### Supplied information
==========

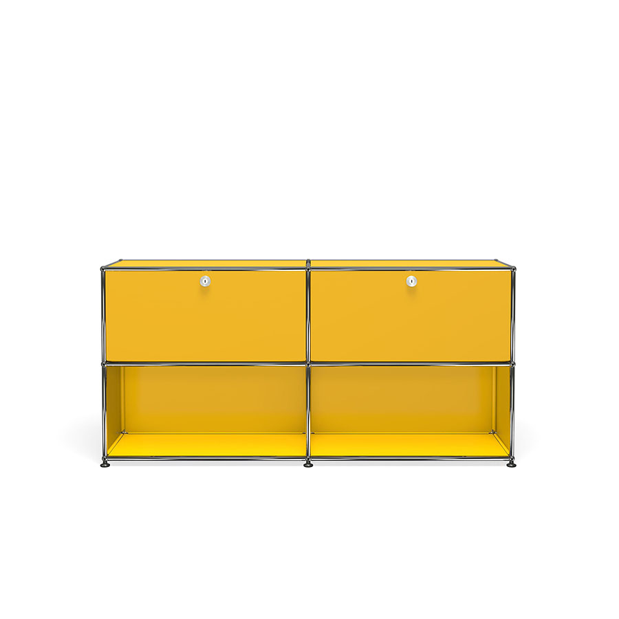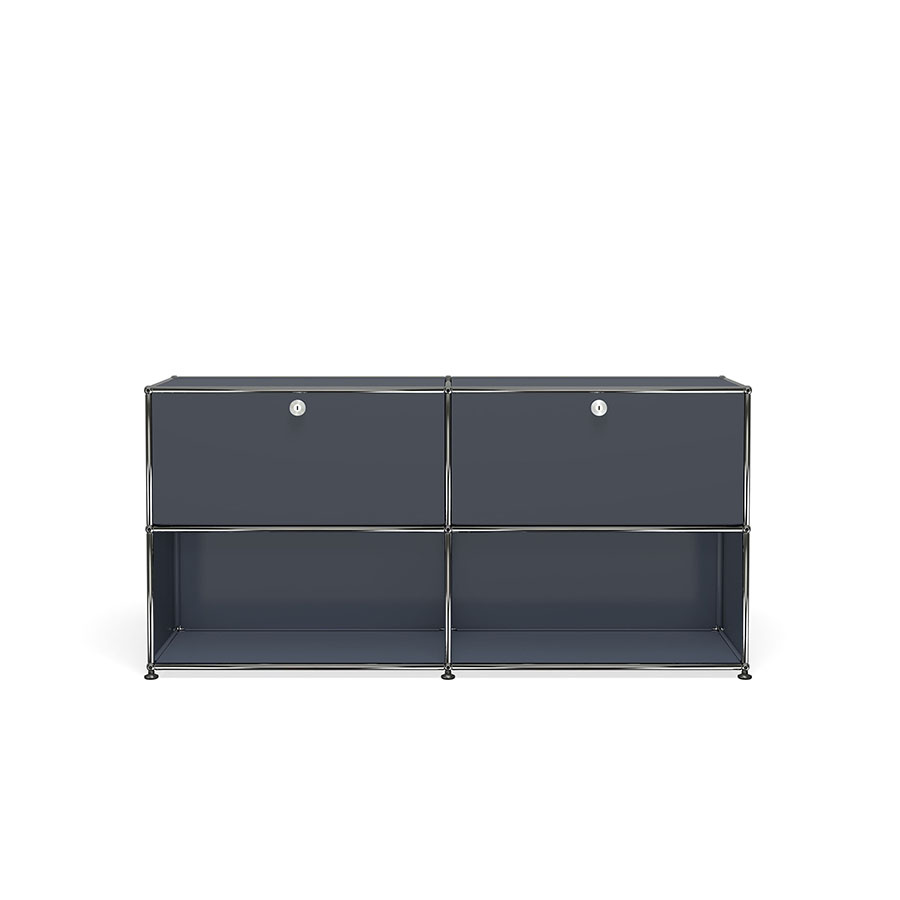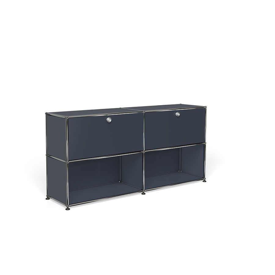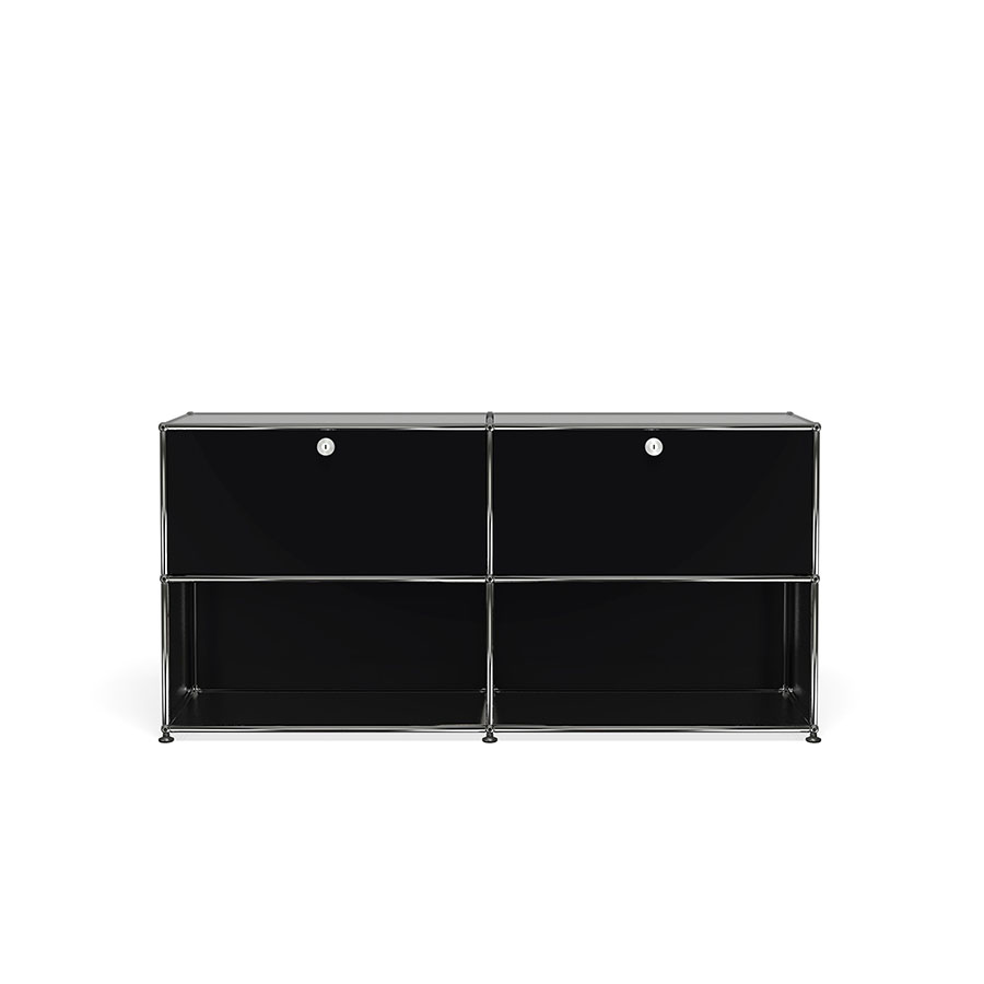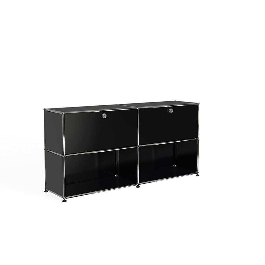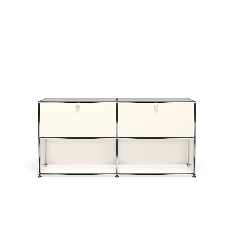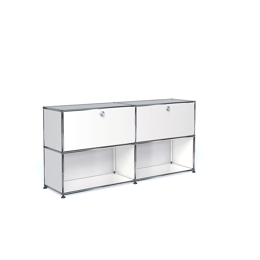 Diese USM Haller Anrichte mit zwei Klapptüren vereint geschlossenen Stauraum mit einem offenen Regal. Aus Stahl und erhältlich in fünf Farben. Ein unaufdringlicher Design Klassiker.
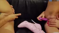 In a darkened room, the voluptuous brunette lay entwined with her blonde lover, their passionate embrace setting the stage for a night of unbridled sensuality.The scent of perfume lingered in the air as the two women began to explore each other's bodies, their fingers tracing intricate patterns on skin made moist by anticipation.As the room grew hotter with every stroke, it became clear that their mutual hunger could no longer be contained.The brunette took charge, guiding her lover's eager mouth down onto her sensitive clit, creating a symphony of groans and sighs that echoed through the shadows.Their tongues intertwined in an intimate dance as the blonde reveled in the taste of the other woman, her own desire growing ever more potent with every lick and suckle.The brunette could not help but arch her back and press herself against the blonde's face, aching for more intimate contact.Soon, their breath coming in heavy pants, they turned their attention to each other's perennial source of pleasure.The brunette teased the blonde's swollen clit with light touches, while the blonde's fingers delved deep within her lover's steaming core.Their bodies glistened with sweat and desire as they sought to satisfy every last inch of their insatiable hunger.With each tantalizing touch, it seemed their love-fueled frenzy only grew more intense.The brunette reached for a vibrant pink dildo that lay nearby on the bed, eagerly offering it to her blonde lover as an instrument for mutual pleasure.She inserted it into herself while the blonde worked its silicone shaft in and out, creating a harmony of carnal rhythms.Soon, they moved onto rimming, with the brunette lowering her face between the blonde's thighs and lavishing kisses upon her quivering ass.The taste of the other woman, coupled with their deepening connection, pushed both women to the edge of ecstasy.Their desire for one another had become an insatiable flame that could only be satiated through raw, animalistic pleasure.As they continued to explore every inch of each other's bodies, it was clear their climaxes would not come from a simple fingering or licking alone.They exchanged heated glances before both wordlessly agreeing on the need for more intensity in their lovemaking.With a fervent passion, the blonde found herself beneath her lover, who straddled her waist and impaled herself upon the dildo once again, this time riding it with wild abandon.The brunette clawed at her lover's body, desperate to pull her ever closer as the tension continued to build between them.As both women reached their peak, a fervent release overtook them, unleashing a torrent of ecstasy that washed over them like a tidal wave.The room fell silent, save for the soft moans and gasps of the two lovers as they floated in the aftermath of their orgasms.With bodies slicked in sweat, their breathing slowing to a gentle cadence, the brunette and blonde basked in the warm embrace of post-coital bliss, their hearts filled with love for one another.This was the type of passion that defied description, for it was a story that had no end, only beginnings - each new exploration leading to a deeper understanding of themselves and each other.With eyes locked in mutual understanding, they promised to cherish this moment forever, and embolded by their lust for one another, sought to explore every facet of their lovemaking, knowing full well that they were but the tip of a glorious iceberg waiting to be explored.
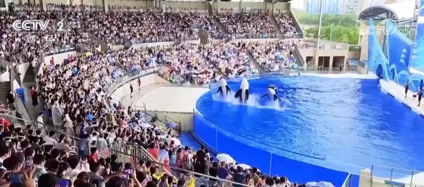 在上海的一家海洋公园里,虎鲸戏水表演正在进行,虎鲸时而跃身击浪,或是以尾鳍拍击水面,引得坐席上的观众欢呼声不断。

==========

### Work required
Copy the data exactly. Any picture it contains is to be omitted.

### Response to the exercise
 Diese USM Haller Anrichte mit zwei Klapptüren vereint geschlossenen Stauraum mit einem offenen Regal. Aus Stahl und erhältlich in fünf Farben. Ein unaufdringlicher Design Klassiker.
 In a darkened room, the voluptuous brunette lay entwined with her blonde lover, their passionate embrace setting the stage for a night of unbridled sensuality.The scent of perfume lingered in the air as the two women began to explore each other's bodies, their fingers tracing intricate patterns on skin made moist by anticipation.As the room grew hotter with every stroke, it became clear that their mutual hunger could no longer be contained.The brunette took charge, guiding her lover's eager mouth down onto her sensitive clit, creating a symphony of groans and sighs that echoed through the shadows.Their tongues intertwined in an intimate dance as the blonde reveled in the taste of the other woman, her own desire growing ever more potent with every lick and suckle.The brunette could not help but arch her back and press herself against the blonde's face, aching for more intimate contact.Soon, their breath coming in heavy pants, they turned their attention to each other's perennial source of pleasure.The brunette teased the blonde's swollen clit with light touches, while the blonde's fingers delved deep within her lover's steaming core.Their bodies glistened with sweat and desire as they sought to satisfy every last inch of their insatiable hunger.With each tantalizing touch, it seemed their love-fueled frenzy only grew more intense.The brunette reached for a vibrant pink dildo that lay nearby on the bed, eagerly offering it to her blonde lover as an instrument for mutual pleasure.She inserted it into herself while the blonde worked its silicone shaft in and out, creating a harmony of carnal rhythms.Soon, they moved onto rimming, with the brunette lowering her face between the blonde's thighs and lavishing kisses upon her quivering ass.The taste of the other woman, coupled with their deepening connection, pushed both women to the edge of ecstasy.Their desire for one another had become an insatiable flame that could only be satiated through raw, animalistic pleasure.As they continued to explore every inch of each other's bodies, it was clear their climaxes would not come from a simple fingering or licking alone.They exchanged heated glances before both wordlessly agreeing on the need for more intensity in their lovemaking.With a fervent passion, the blonde found herself beneath her lover, who straddled her waist and impaled herself upon the dildo once again, this time riding it with wild abandon.The brunette clawed at her lover's body, desperate to pull her ever closer as the tension continued to build between them.As both women reached their peak, a fervent release overtook them, unleashing a torrent of ecstasy that washed over them like a tidal wave.The room fell silent, save for the soft moans and gasps of the two lovers as they floated in the aftermath of their orgasms.With bodies slicked in sweat, their breathing slowing to a gentle cadence, the brunette and blonde basked in the warm embrace of post-coital bliss, their hearts filled with love for one another.This was the type of passion that defied description, for it was a story that had no end, only beginnings - each new exploration leading to a deeper understanding of themselves and each other.With eyes locked in mutual understanding, they promised to cherish this moment forever, and embolded by their lust for one another, sought to explore every facet of their lovemaking, knowing full well that they were but the tip of a glorious iceberg waiting to be explored.
 在上海的一家海洋公园里,虎鲸戏水表演正在进行,虎鲸时而跃身击浪,或是以尾鳍拍击水面,引得坐席上的观众欢呼声不断。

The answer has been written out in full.